What the task asks: When you reach the line containing "Spoon the rice", begin reproducing the material exactly, stop after the line containing "Se trata de", and leave out any pictures along the way.

Recorded information:
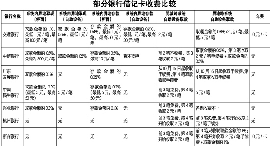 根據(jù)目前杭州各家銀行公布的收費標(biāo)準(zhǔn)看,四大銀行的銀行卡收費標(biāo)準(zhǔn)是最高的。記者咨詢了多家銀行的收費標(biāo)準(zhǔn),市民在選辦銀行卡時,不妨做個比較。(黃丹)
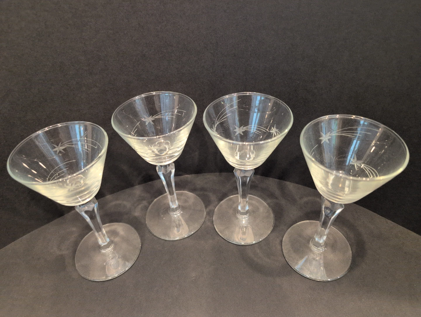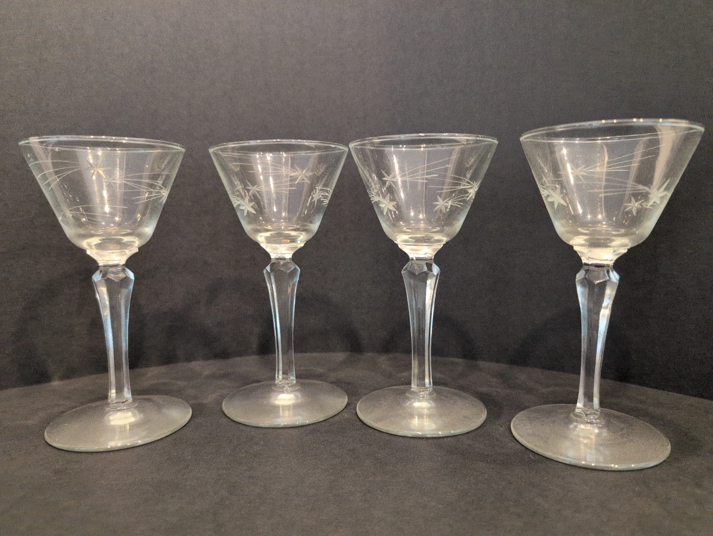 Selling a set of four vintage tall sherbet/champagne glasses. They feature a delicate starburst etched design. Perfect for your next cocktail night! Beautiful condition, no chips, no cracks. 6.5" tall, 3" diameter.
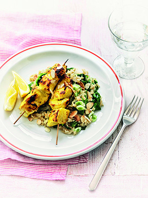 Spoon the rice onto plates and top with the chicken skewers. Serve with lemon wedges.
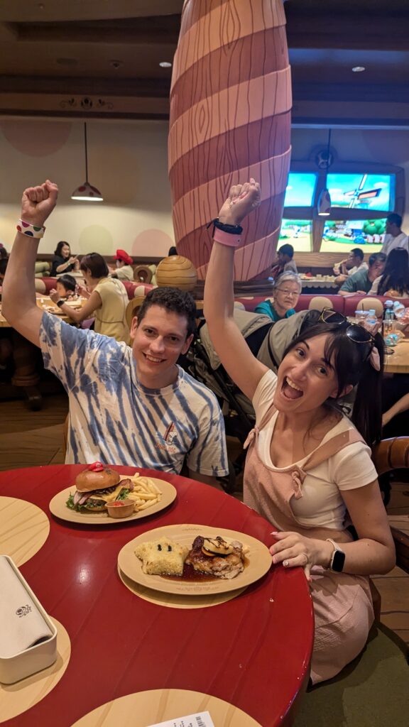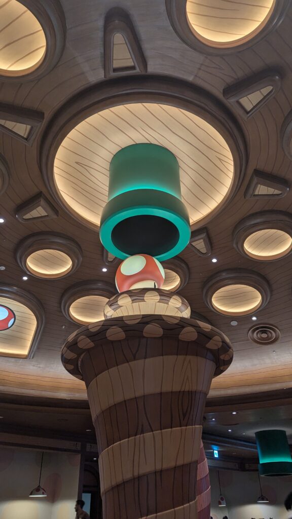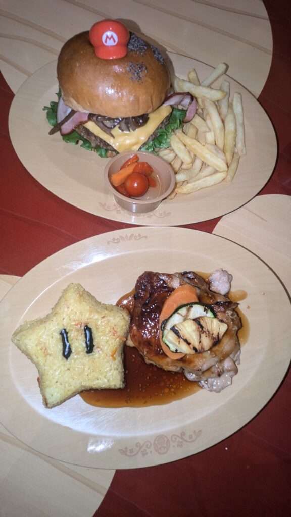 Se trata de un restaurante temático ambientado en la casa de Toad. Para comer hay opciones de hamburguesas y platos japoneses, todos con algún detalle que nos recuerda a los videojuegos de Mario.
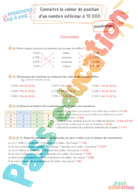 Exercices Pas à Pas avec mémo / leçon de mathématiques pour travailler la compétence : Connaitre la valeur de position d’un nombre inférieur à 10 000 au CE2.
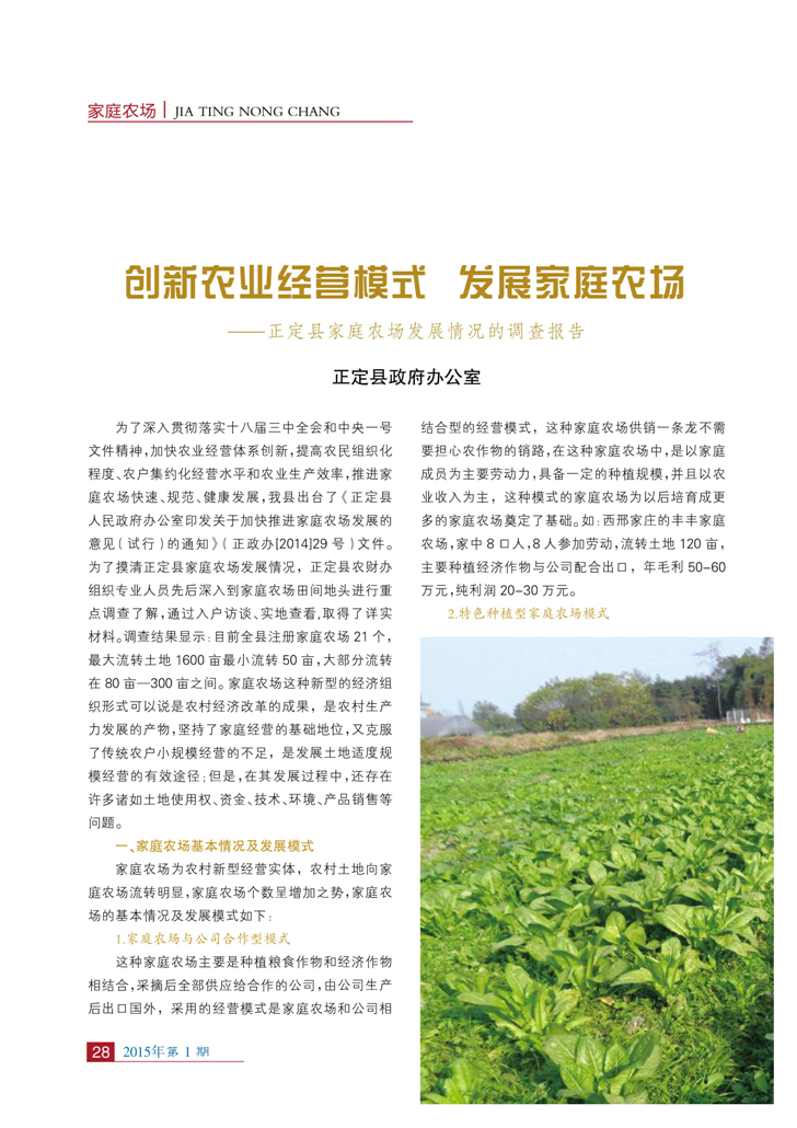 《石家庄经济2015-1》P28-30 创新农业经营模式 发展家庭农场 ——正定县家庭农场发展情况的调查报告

==

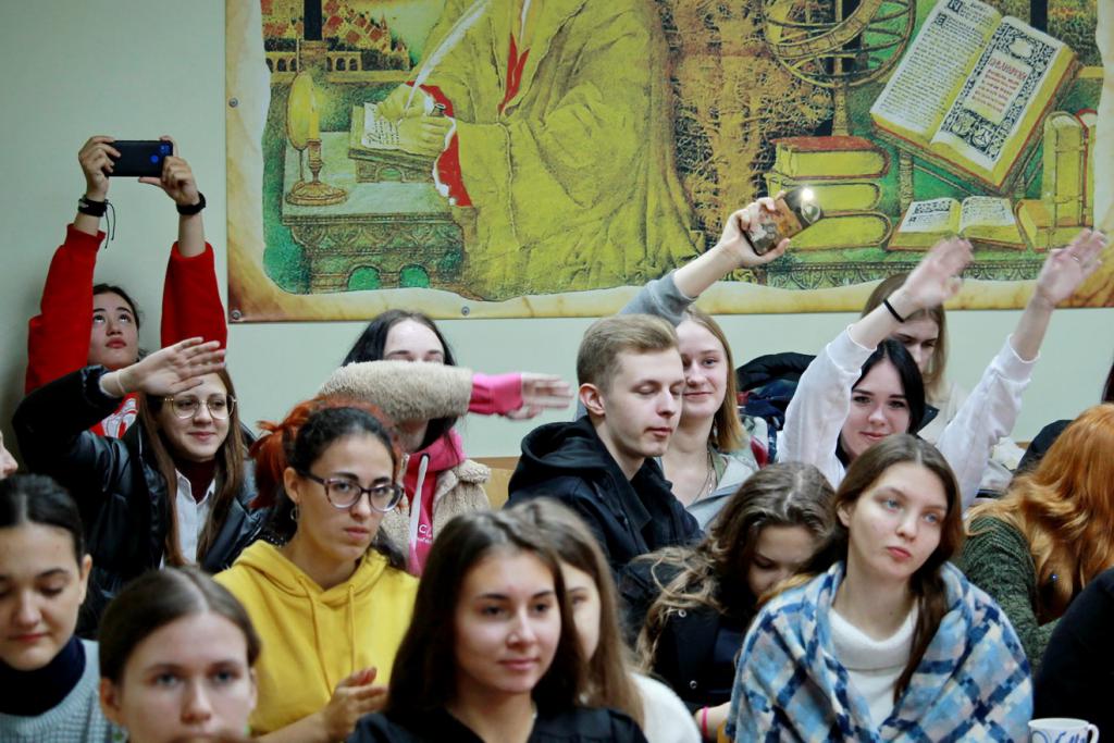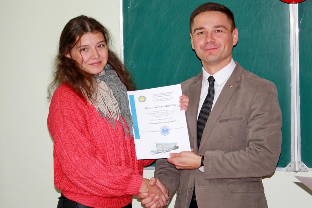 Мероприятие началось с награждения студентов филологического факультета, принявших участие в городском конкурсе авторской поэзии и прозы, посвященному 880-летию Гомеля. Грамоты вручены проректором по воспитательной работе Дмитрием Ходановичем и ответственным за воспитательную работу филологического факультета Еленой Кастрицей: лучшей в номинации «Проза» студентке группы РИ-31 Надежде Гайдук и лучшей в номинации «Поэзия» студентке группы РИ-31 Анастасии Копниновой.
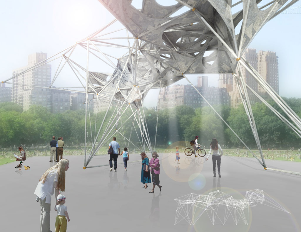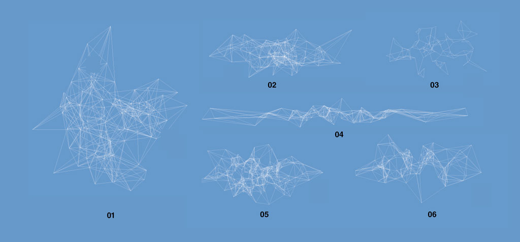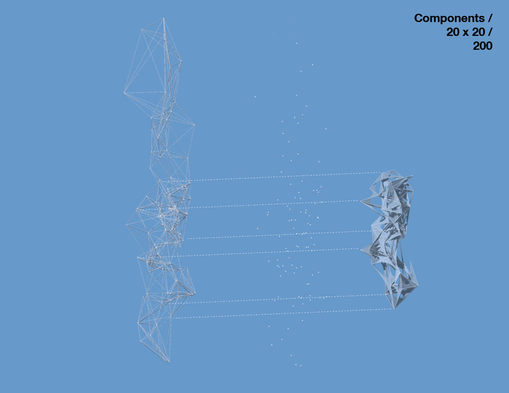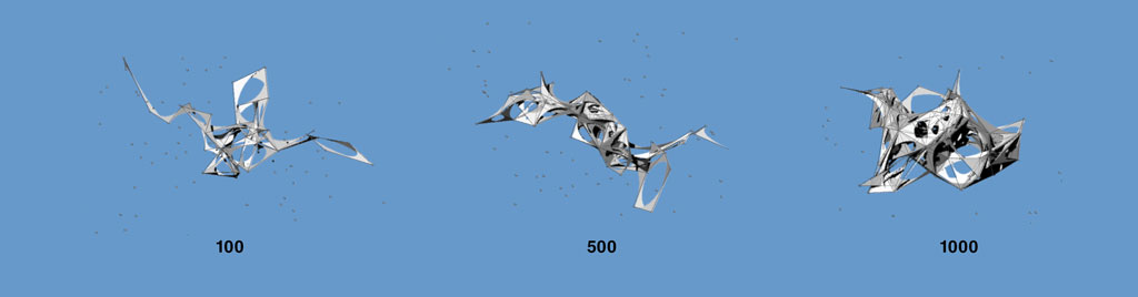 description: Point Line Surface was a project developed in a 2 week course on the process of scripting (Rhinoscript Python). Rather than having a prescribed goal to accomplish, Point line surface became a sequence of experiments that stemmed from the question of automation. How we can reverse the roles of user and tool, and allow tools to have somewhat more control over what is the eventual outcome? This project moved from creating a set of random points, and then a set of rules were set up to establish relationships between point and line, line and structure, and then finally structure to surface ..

Finished task:
 Spoon the rice onto plates and top with the chicken skewers. Serve with lemon wedges.
 Se trata de un restaurante temático ambientado en la casa de Toad. Para comer hay opciones de hamburguesas y platos japoneses, todos con algún detalle que nos recuerda a los videojuegos de Mario.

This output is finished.